Lightspeed July 2010
Edited by John Joseph Adams
Review by Sam Tomaino
Date: 30 July 2010
Links: Lightspeed / Pub Info / Table of Contents /
Here is the second issue of Lightspeed, the new online magazine, devoted exclusively to science fiction in all its forms. I'll give the setup again. Each month they intend to publish two new stories and two reprinted stories, from a variety of authors ranging from old pros to newcomers. They will also have a "variety of nonfiction features, fiction podcasts, and Q&As with our authors that go behind-the-scenes of their stories." You can read the issue, for free, as it comes out through the month, publishing fiction and nonfiction every Tuesday. You can also purchase it in ePub format, Kindle/Nook/Sony Reader, iPhone/iPad/iPod Touch for $2.99 and get the whole issue at once. They also accept PayPal donations. We are also told that “Lightspeed is also a podcast, which will feature one or two free stories each month in audio format, produced by Grammy and Audie Award-winning narrator and producer Stefan Rudnicki.” For more details, and the issue itself, check them out at www.lightspeedmagazine.com.
The fiction begins with one of the original ones, "No Time Like the Present" by Carol Emshwiller. This is a classic Emshwiller story and just great. The story is narrated by a young girl, telling us about a group of new people who suddenly move into the best houses in town. They are different, tall, skinny, blond and (apparently, independently wealthy). They talk strange with saying like "Shoe dad", "Bite the boot" and "Evolve". They are standoffish but our narrator manages to befriend a couple of them. She gets some hints about where they are from. Emshwiller, again, shows why she is one of the best in the business.
Next, is a reprint, "Manumission" by Tobias Buckell. This was originally printed in Jim Baen's Universe in 2008. At the time, I gave it a positive review and summarized it like this: Pepper has had all but one of his memories taken away and is sent by a huge corporation to retrieve one of its runaway employees. But this job proves more difficult than anticipated and Pepper must find a way to deal with it all
"The Zeppelin Conductor Society's Annual Gentleman's Ball" by Genevieve Valentine is another original. This was partly memoir, partly newspaper articles and things like that about a late 19th century in which zeppelins became a chief mode of transport. This is not as ideal as it sounds. Helium has serious side effects and there are other occupational hazards. Valentine gives us a nice little alternate history here.
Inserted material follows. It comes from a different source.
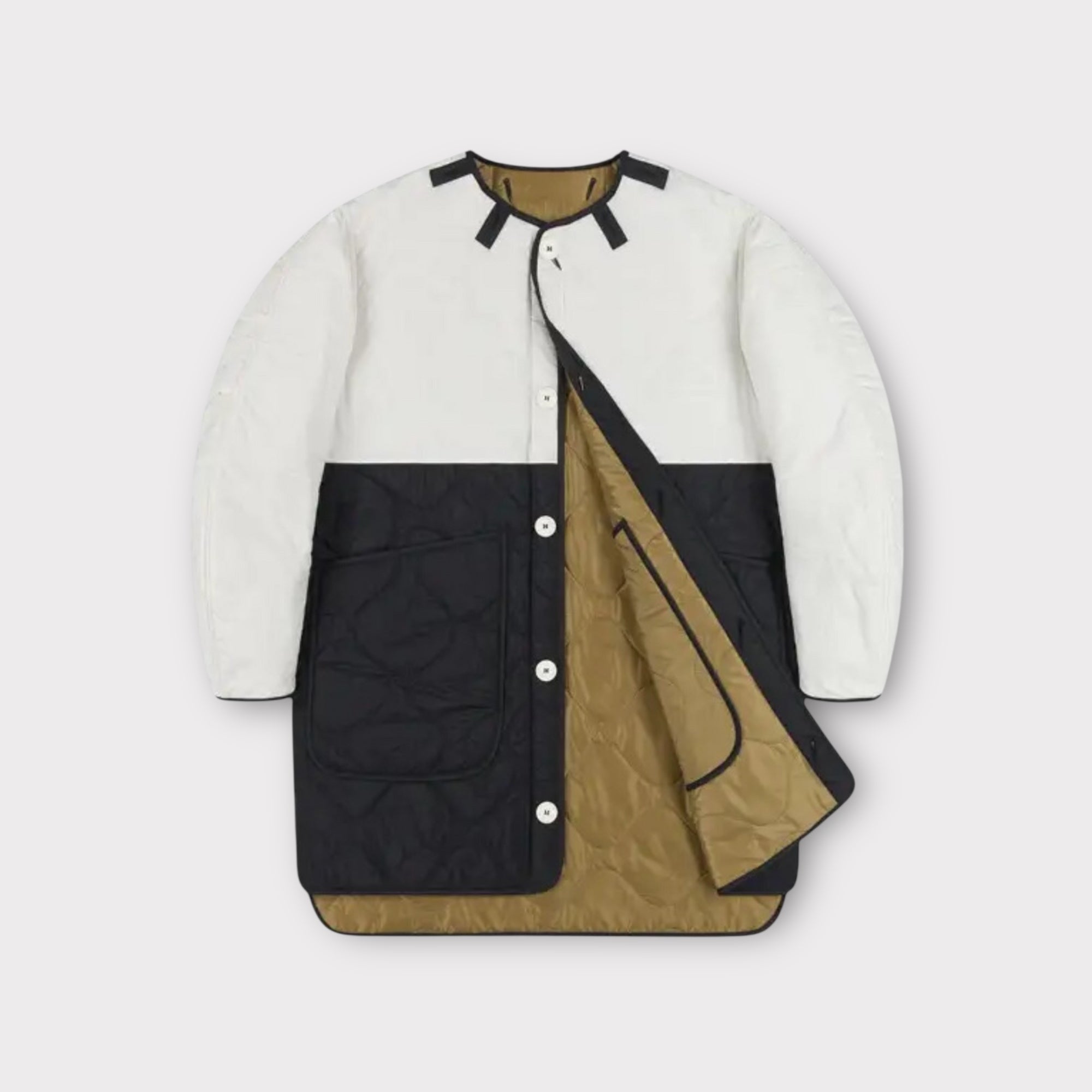 Reversible colourblock quilted jas met lange mouwen, een knoopsluiting, zakken en een kraag welke los gemaakt kan worden.

The fiction concludes with another novelette reprint (from the 1975 anthology, Epoch), "...for a single yesterday" by George R.R. Martin. This is set in a commune far from the cities that were destroyed in something just called the Blast. Our narrator's name is Gary and he is the current leader of the commune. One of the members is Keith, a folk-rock singer who had been staying there when the Blast occurred. He gives regular concerts that everyone enjoys. He also uses a drug that allows him to travel into the past and be with Sandi, the love of his life. Things change when an ex-military man named Winters comes to the commune and starts making suggestions on how to make it a real village. Martin does a good job here with both sides and I was glad to read this old story.
The second issue of Lightspeed continues the good reading of the first and I recommend that you check out their web site at www.lightspeedmagazine.com and support them in some way.